As I learned about geographical offender profiling in criminal psychology, I was struck by its possible applications to software. What if we could devise techniques that let us identify hotspots in large software systems? A hotspot analysis that could narrow down a large system to a few critical modules would be a big win in our profession.
Instead of speculating about potential design problems among million lines of code, geographical profiling would give us a prioritized lists of sections that need refactoring. It would also be dynamic, reflecting shifts in development focus over time.
We need a geography of code. Despite its lack of physics, software is easy to visualize. My favorite tool is Code City.[6] It’s fun to work with and matches the offender-profiling metaphor well. The following figure shows a sample city generated by the tool.

A city block represents a package, and each class is a building. The number of methods defines the height, and the number of attributes specifies the base of the building. Try out Code City, and you’ll notice new patterns you didn’t spot before in the code itself.
Code City is a nice starting point, but it limits us to looking at only object-oriented designs.
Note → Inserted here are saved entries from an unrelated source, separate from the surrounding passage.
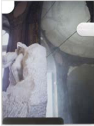
Buhuu Suite (love & ceiling) 2012 C-print, clip frame, stainless steel clips 11 3/4 x 15 3/4 inches; 30 x 40 cm (TBG 13703)
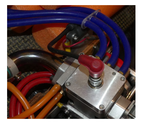
Photo shows a 2-in (red pipes) and 3-out arrangement (Quickdraw) unusually a water-cooled manifold (orange pipes) is also fitted.
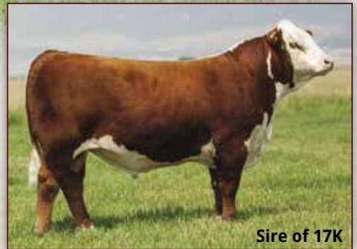
Sire of 17K
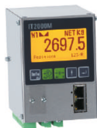
Module With Display

Dimensions W x H x D: 86 x 120 x 106 mm (3.4" x 4.7" x 4.2")
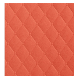
Tufted 3D Embossing Folder - 151785
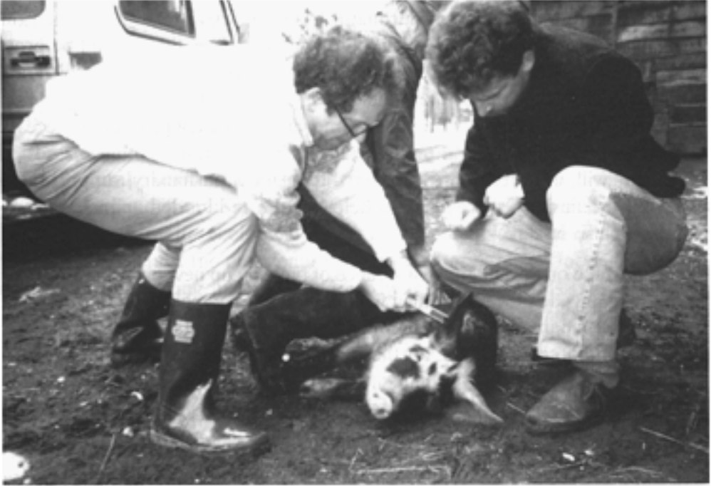
Transport of pig at the Zagreb Zoo
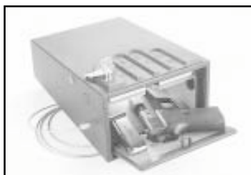
Owners can get quick access to their gun using an electronic keypad. The spring-loaded door pops open when the correct code is entered.

Sells for $130. A 2-gun vault is available. Contact: FARM SHOW Followup, GunGuard GunVault, Doskocil Manufactur-
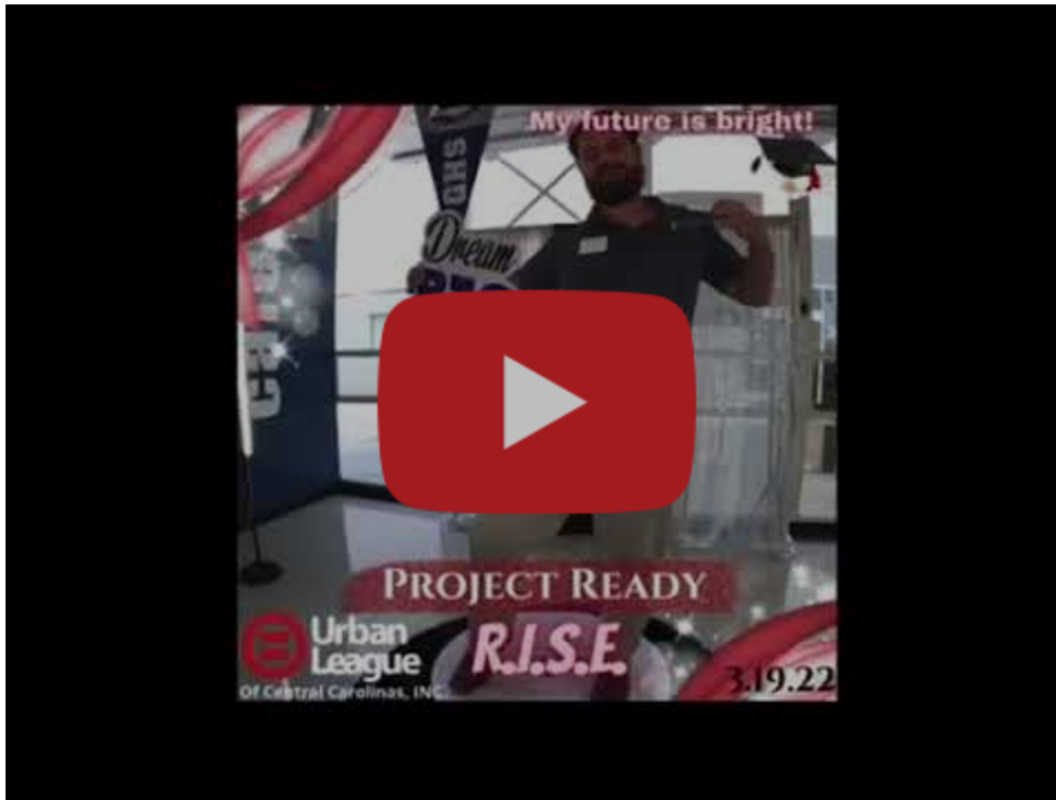
Project Ready R.I.S.E. - 360 View of Success
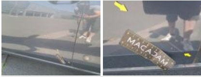
Wing FL, Dent(s) and scratch(es), Repair and paint (complete)
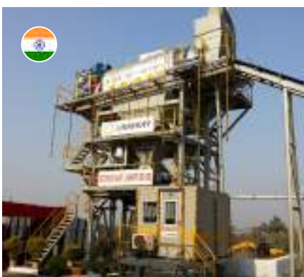
DRX1500DS - India
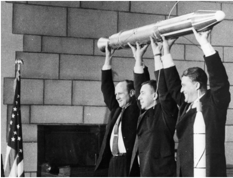
The three men most responsible for the success of Explorer 1, America's first Earth satellite, launched January 31, 1958: Dr. William H. Pickering (left), former director of the Jet Propulsion Laboratory, which built and operated the satellite; Dr. James A. Van Allen (center) of the State University of Iowa, who designed and built the instrument on Explorer that discovered the radiation belts that circle the Earth; and Dr. Wernher von Braun (right), leader of the army's Redstone Arsenal team that built the modified Redstone rocket that launched Explorer 1.

Explorer 1's launch date was a very happy day for Van Allen — so happy in fact that in a photograph he and his colleagues are shown with the satellite hoisted above their heads in a triumphant stance. He later recalled,
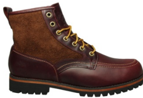
Rubber Work Boots
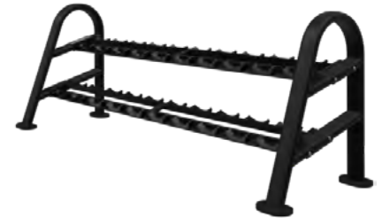
DUMBBELL RACK 10-PAIR/2 TIER 9NN-R8001
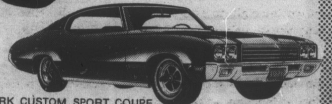
SKYLARK CUSTOM SPORT COUPE
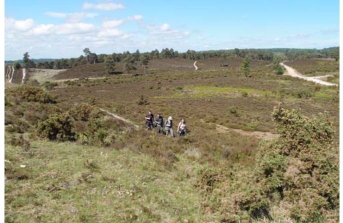
Flora Group members trekking back from Bisterne Common, 21 May 2011 – John Norton

These two trips, arranged jointly with the BSBI nationally, were to survey a single 2km x 2km square (tetrad) SU10V, in the south-west of the open Forest. It has a varied geology ranging from acid sands and peat to calcareous Headon Beds, and vegetation including conifer plantation, mire, ponds, heathland, grassland and enclosed farmland. Although not one of the honeypot sites of the Forest, it has a very good selection of the notable plants, and was last recorded thoroughly in the 1990s for Atlas 2000.

Today’s software world is increasingly polyglot. Even when you use the same language, you may have complex configurations in scripts, XML, and other markup formats. A geography must present a holistic picture, no matter what languages we choose. We’ll soon explore other options, but before that we need to address a more serious limitation of our data.
Look at the large buildings in our city map again. If that information is all we have, those large buildings would be our hotspots. But there’s nothing in the illustration to indicate on which building we should actually spend our efforts. Perhaps those large classes have been stable for years, are well-tested, and have little developer activity. It doesn’t make sense to start there when other buildings may require immediate attention. In this case, the code doesn’t tell the whole story.

Since Jack the Ripper was never caught, how do we know if the geographical offender profile is any good?
As of September 2014, there were reports of mitochondrial DNA evidence that presumably links one of the suspects, Aaron Kosminski, to a Jack the Ripper victim. There is a lot of controversy and debate around the claim, so let me introduce you to another likely suspect: James Maybrick.
|
In the early 1990s, a diary supposedly written by Liverpool cotton merchant James Maybrick surfaced. In this diary, Maybrick claimed to be the Ripper. Since its publication in The Diary of Jack the Ripper [Har10], thousands of Ripperologists around the world have tried to expose the diary as a forgery using techniques such as handwriting analysis and chemical ink tests. No one has yet managed to prove the diary is fake, and its legitimacy is still under dispute. |
|
The interesting part about the diary for us is the fact that Maybrick wrote that he used to rent a room on Middlesex Street whenever he visited London. You can see Middlesex Street right inside our hotspot.
But what about Aaron Kosminiski’s homebase? It, too, fits the profile, although not as well as Maybrick’s does. Kosminski’s probable home at the time of the murders is just a little bit east of the high-probability hotspot area.